Don’t let that screaming screen skew your writing

Don't let that screaming screen bug your writing

Writing and editing on a screen needs some careful thought

Even if you grew up with writing on a computer screen rather than on old-fashioned paper, there are still some issues you need to bear in mind about writing on screen that can skew your writing bigtime … if you let it.

Here are some tips based on my own experience of working on screens for the last 20 years or so, after a paper-based upbringing.

Slow your brain down when you’re typing

Especially if you’re gagging to get the words down because you’re on a creatively inspired roll, slow down. If you try to type as fast as you’re thinking you’re going to miss quite a few important words and phrases. Cool does it. You can always go back afterwards and put the spice back in, that your haste obliged you to leave out initially.

Watch what results when you cut and insert

This is a problem I have endlessly and judging what I see when reading other people’s blogs, articles, posts and other content, it’s something that’s quite widespread.

With screen-based writing it’s all too easy to cut and change your text, inserting bits here, removing bits there.

When you’ve finished doing that, for Heaven’s sake go back and give your text a harsh reality check to make sure there are no stray words hanging around from a previous incarnation that you have forgotten to delete, or other straggling words and phrases that reduce your beautiful prose to a nonsensical babble.

Do your verbs tally with your nouns?

This is another problem related to the cut/insert issues mentioned above.

If you change a sentence from the first person to the second person to the third person or whatever, don’t forget to change the corresponding nouns/verbs so everything matches up.

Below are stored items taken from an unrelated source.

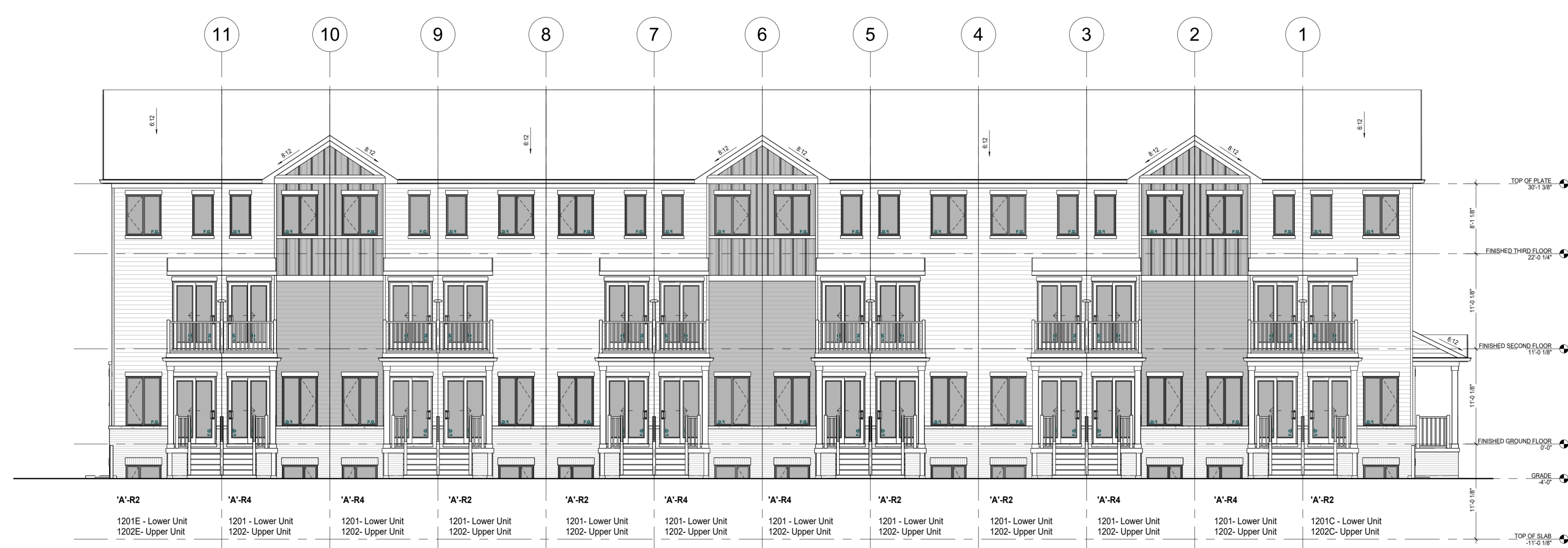
② 24 UNIT BLOCK - UPGRADE REAR ELEVATION OPTION 2 1/8" = 1'-0"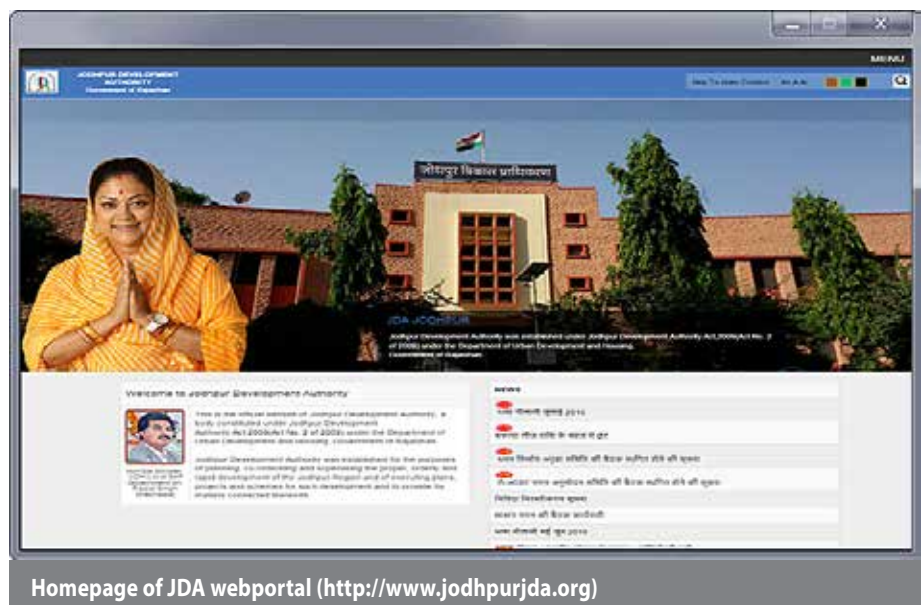
Homepage of JDA webportal ( http://www.jodhpurjda.org )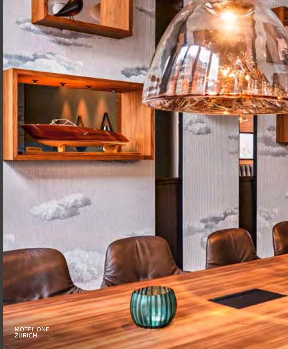
MOTEL ONE ZURICH

With 24/7 coffee, free Wi-Fi and designer furniture, our workspaces provide the perfect environment to catch up on your business or be creative. Some of our hotels also have meeting rooms that guests can book for meetings that require more privacy.

I know that sounds pretty obvious, but you’d be surprised how often we (me too) get that wrong…

Don’t discard drafts

…until you’re absolutely sure you won’t need them.

There is nothing more infuriating than working on the third or fourth draft of a blog or article and thinking, “ah, I mentioned this in the first draft but deleted it because at the time I didn’t think it was relevant,” only to change your mind and wish that you hadn’t dumped the earlier version.

Only dump earlier drafts when the final draft has been published.

Don’t forget about keywords

Much as you might get carried away with the ease and smoothness of writing on a screen, don’t forget that – assuming you want to earn a living in this virtual world – you need to be mindful of the keywords you should be including as reasonable and rational parts of your text.

I tend to forget about keywords and just ramble on, and it’s wrong if you’re blogging for business. You don’t need to go hog-wild and stuff a keyword into every sentence: not only will this bore your readers rigid, but also it will p*ss Google off.

Just use your common sense.

Don’t trust your silly old eyes for editing

Much as you – and I – might think we are sufficiently eagle-eyed to pick out every single goof in our text on screen – uh-uh.

Actually, talking to young university students a lot, as I do, I find this isn’t just an issue of concern to the old farts’ brigade. Even youngsters working on essays, term papers, dissertations et al  find that much as they may be satisfied with their edits on screen, once they print the work out and read it (preferably the next day) they find more goofs and places where further editing is required.

Try it. I bet you that once you print out your next article or blog post you’ll want to give it further tweaks, even though it looked OK on screen when you thought you had finished it.

And if you can’t print it out?

Make a copy of it and change the font. Different typeface, maybe a larger size.

Sounds silly, but because it looks different to you, you’ll perceive it as fresh and new and therefore will see elements within it in a new light.

Anything else?

If you’re really concerned about spelling, grammar, punctuation etc., take a tip from a couple of old friends of mine who have been online copywriters for many years.

Whether on screen or printed out, proofread your work backwards. I don’t mean reading each word backwards (duhhhh…) but looking at the spelling of each word from the end to the beginning.

I know it sounds crazy, but you won’t miss any spelling mistakes that way.

Good luck with your on-screen writing

Do you have any further tips to share? Please do so!